Task to carry out: Go through the listing below and repeat it exactly, dropping the pictures.

Recorded information section start

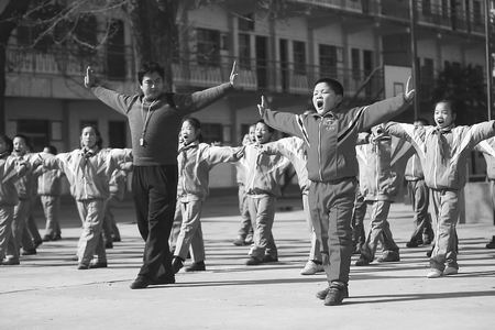 校園集體舞高潮過后,鄭州市又推出了少林拳(操)走進(jìn)小學(xué)的課程。同樣是缺乏老師,這次參加培訓(xùn)的仍是體育教師。少林拳(操)在學(xué)校的教授模式也依舊是階梯式傳授,高年級學(xué)生學(xué)會(huì)后教低年級學(xué)生,體育老師除正常的體育課程外,還要負(fù)責(zé)學(xué)、教學(xué)生這套少林拳(操),顯得力不從心。
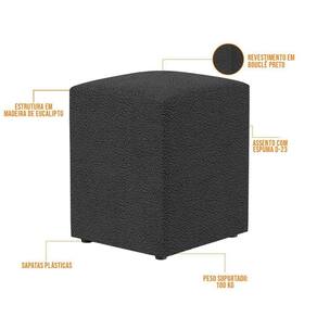 O Puff Quadrado Decorativo L02 Bouclê Preto - Lyam Decor é ideal para você que busca por elegância e praticidade em sua decoração! É estruturado com madeira de eucalipto e revestido em Bouclê, tecido de excelente qualidade.
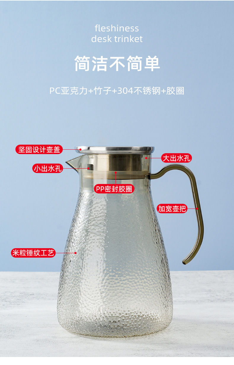 Jarra de agua fría de acrílico, jarra de agua fría de plástico, gran capacidad, resistente al calor, adecuada para restaurantes, uso doméstico, preparación de té, preparación en frío comercial.

Recorded information section end

Solution for this task:
 校園集體舞高潮過后,鄭州市又推出了少林拳(操)走進(jìn)小學(xué)的課程。同樣是缺乏老師,這次參加培訓(xùn)的仍是體育教師。少林拳(操)在學(xué)校的教授模式也依舊是階梯式傳授,高年級學(xué)生學(xué)會(huì)后教低年級學(xué)生,體育老師除正常的體育課程外,還要負(fù)責(zé)學(xué)、教學(xué)生這套少林拳(操),顯得力不從心。
 O Puff Quadrado Decorativo L02 Bouclê Preto - Lyam Decor é ideal para você que busca por elegância e praticidade em sua decoração! É estruturado com madeira de eucalipto e revestido em Bouclê, tecido de excelente qualidade.
 Jarra de agua fría de acrílico, jarra de agua fría de plástico, gran capacidad, resistente al calor, adecuada para restaurantes, uso doméstico, preparación de té, preparación en frío comercial.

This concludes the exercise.